Lc0-Test10/30/40/AF 6-man perpetual MCTS-related misevaluation Cause&Fix

EDIT: I have clarified this post so that others can see what I'm seeing in this post, particularly in the section with the visuals. EDIT2: I have made another discovery as of April 13th with the assistance of Faroe22 on the Leela discord. The problem is not a pure MCTS problem, but indeed it is also tied to the neural network's Q values. See my new comment down below. Hello, the following FEN is a 6-man position evaluated incorrectly by Lc0, no matter what neural network you use (really, all neural networks fail.). I had careless25 on the lczero discord test a 6-man position and another very similar 7-man position. Lc0 as an engine could not evaluate it as a draw. I finally have a concrete hypothesis as to what the problem is, and a guide for 2 proper solutions to fix it. (Certainty propagation does not fix this.)

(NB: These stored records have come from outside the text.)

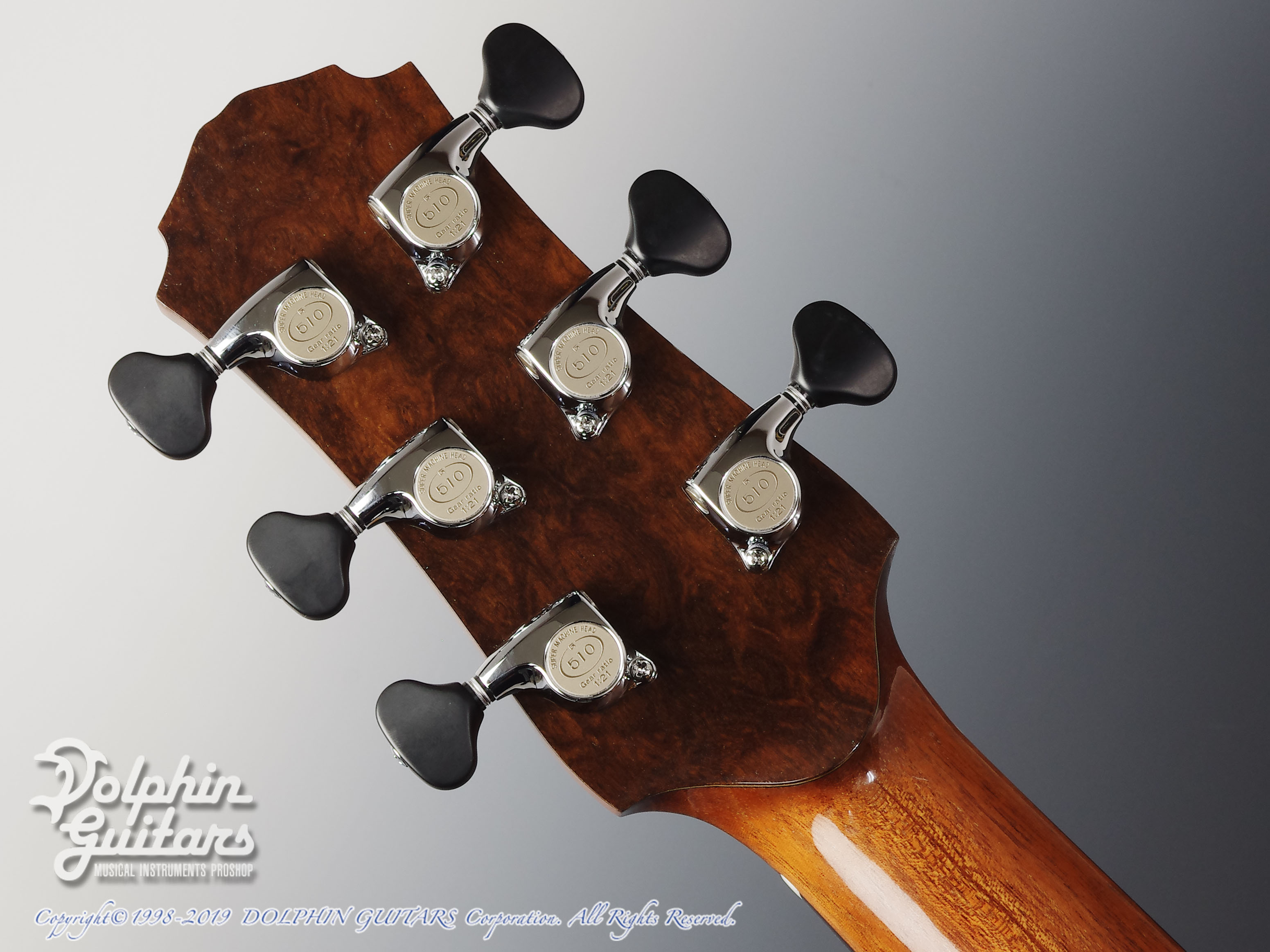 キューバンマホガニーTOP、キューバンマホガニーS&B、ホンデュラス・マホガニーネック(アジャスタブルロッド)、エボニー指板&ブリッジ、43,5mmナット、630mmスケール、アバロンロゼッタ、Gotoh510ペグ仕様。
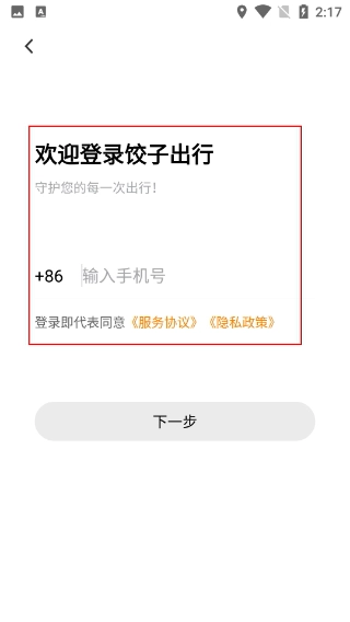 3、进入【欢迎登录饺子出行】页面,在【+86】后输入号码,完成登录操作,可点击“下一步”按钮推进登录流程。
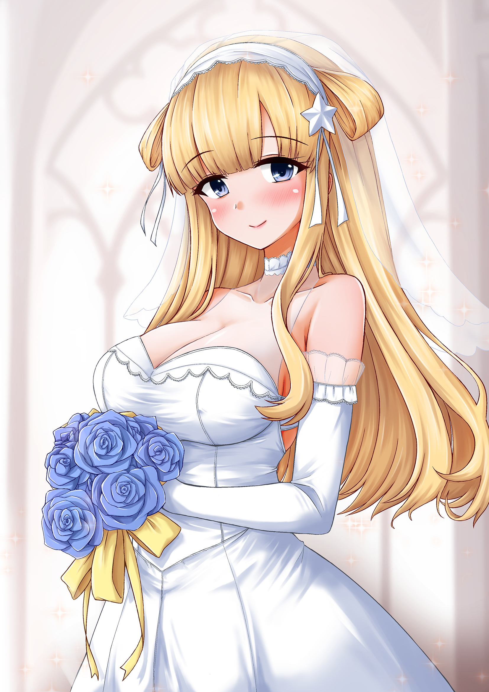 1girl blonde_hair blue_eyes blue_flower blue_rose bouquet breasts bridal_veil bride double_bun dress elbow_gloves fletcher_(kancolle) flower gloves hair_bun hair_ornament highres holding holding_bouquet kamiya_tadato kantai_collection large_breasts long_hair looking_at_viewer rose sleeveless sleeveless_dress smile solo star_(symbol) star_hair_ornament veil wedding_dress white_dress white_gloves
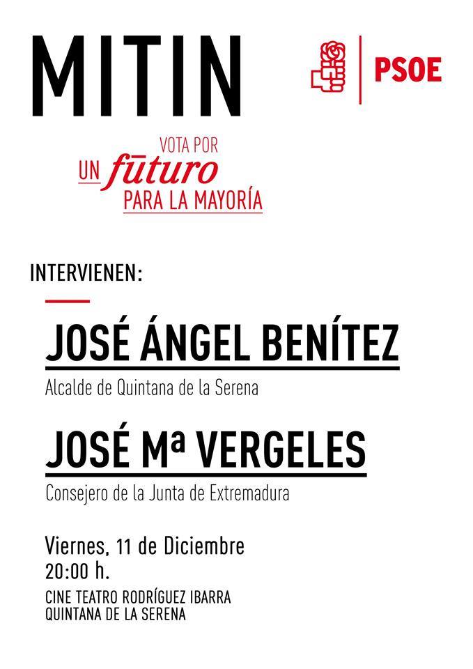 Bajo el lema Vota por un futuro para la mayoría intervendrán el alcalde, José Ángel Benítez y el consejero de Sanidad y Políticas Sociales de la Junta de Extremadura, José Mª Vergeles.
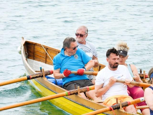 Newquay Towan Blystra Lions swapped their usual service vests for life jackets recently as they took to the water in support of Children’s Hospice South West at the annual charity pilot gig race held out of Newquay Harbour.
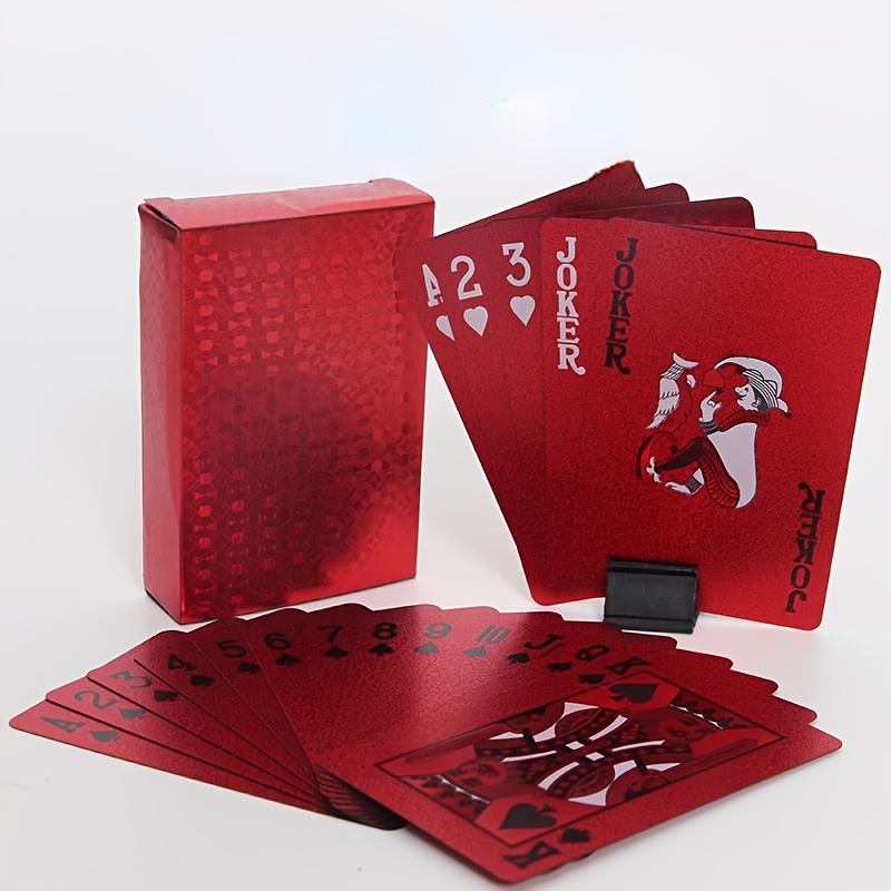 TEMU 55장의 레드 포커 카드 세트, 방수 및 세탁 가능, 금속 장식, 내구성 있는 두꺼운 플라스틱, 편안한 그립, 부드러운 셔플링, 파티 및 이벤트에 적합
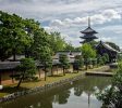 东寺又名教王护国寺,曾由著名的僧人弘法大师住持,其五重塔建筑是平安时代的遗存,曾经几度被烧毁,江户时代重新修建,保存至今,也是京都风景的代表。春天,五重塔和东寺内的八重樱交相辉映;夏季池塘中荷花盛放,非常有禅趣;秋天则是赏枫叶和银杏的胜地。每个月的21日,这里会开展古董跳蚤市场弘法市,喜欢收集老玩意的朋友可以来一探究竟。

7k/1RR4P/8/8/3K4/3r4/8/8 w - - 0 1

leela evaluates this position wrong

The perpetual stalemate threat is supposed to prevent white from ever accomplishing this mate in two (or one if the black rook moves to the a or b files without the white king to block it).

You can compare the PV in the searches below to what Leela comes up with in this Lichess study. The lichess study also includes a 7-man position that she horribly misevaluates. The 5-man she evaluates correctly because it is a five-man position, and she is given 5-man tablebases. https://lichess.org/study/pr2yCu1e 250k nodes info depth 8 seldepth 17 time 13814 nodes 254017 score cp 1411 hashfull 265 nps 18388 tbhits 0 pv d4e5 d3d8 e5f6 d8d6 f6e7 d6e6 e7d7 e6d6 d7c8 d6b6 b7a7 b6b7 c8b7 3M nodes info depth 10 seldepth 22 time 132587 nodes 3339570 score cp 1345 hashfull 1000 nps 25187 tbhits 0 pv d4e5 d3e3 e5d5 e3d3 d5e6 d3d6 e6e5 d6e6 e5d4 e6d6 d4e3 d6d4 e3f3 d4d3 f3f4 d3d8 b7a7 d8f8

You might want to note that at only very low nodes, leela evaluates this 6-man position properly. Here it is as demonstration to the issue, where leela's MCTS will initially give the correct evaluation, but will fail after 10-100 some nodes evaluating into the position.

NOTE: These PV's only are a representation of the search (which even still are telling), of course not the entire search tree itself.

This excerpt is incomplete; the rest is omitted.